Whether it’s VMWare, Oracle VM Server or Windows Hyper-V, the ability to simultaneously run multiple operating systems in their own “address space” (for all you recalcitrant IBM Mainframe folks out there) is an efficient use of hardware resources.
Numerous VM configuration options are available to providing various economies of scale. Linux based Open Systems such as Red Hat Enterprise Linux, Ubuntu or others as a Host OS for multiple VM’s on an Oracle VM Server is one option, especially for cost controls and depending on computing resource needs.
Enterprise level requirements may demand and benefit from feature-rich bare-metal products such as VMWare’s vSphere ESXi Bare-Metal Hypervisor. Coupled with VMWare’s vCenter Site-Recovery-Manager (SRM) and you’ve got an integrated, resilient Disaster Recovery configuration – ready to go.

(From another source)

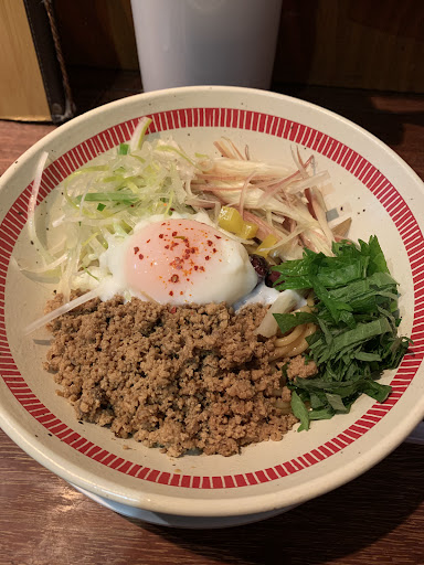 Read more夜9時頃入店。客は半分くらい。一推しはラーメンとのことだが、空腹なら肉盛り混ぜそばを勧められて、同意した。しまった、空腹の為着丼した時すぐ混ぜてしまい、写真に残せなかった、失敗だ。麺を食らうだけあってしっかりとした主張のある麺だった。具も含めて楽しめる。ただ麺とは所詮食べ易く量を感じさせないもので、物足りなさが残るものだが、そこを工夫して最後にライスを後から出して客の満足感を煽るやり方は、工夫されている。ただし、ご飯の大盛りがアレでは少ないかな。隣の人のラーメンも美味そうだったので、次回の楽しみとなった。値段としては、もう少し安くしてほしいかな。

Still, there are no shortcuts here. Capacity Planning for the number and mix of VM’s on the targeted physical hardware is still required. From memory to CPU to storage to network bandwidth – the number and types of applications running on each of the VM’s must be considered. Then there are numerous configuration parameters available to help unleash the most performance machine-wide and within each VM.
Database products such Oracle, SQL Server and MySQL can operate efficiently within a VM. Optimal performance will require a number of factors to be evaluated such as the choice of VM product, database type and other configuration considerations. But, while your environment may have SRM enabled VM’s that contain your databases – don’t make the erroneous mistake of thinking that’s sufficient for database recovery.
A Backup Plan is worthless if the data can’t be Restored. When do you want to discover that there’s a flaw in your Data Restoration or Database Recovery process – under the hot light of a Disaster Recovery operation or in the cool calm of planned test?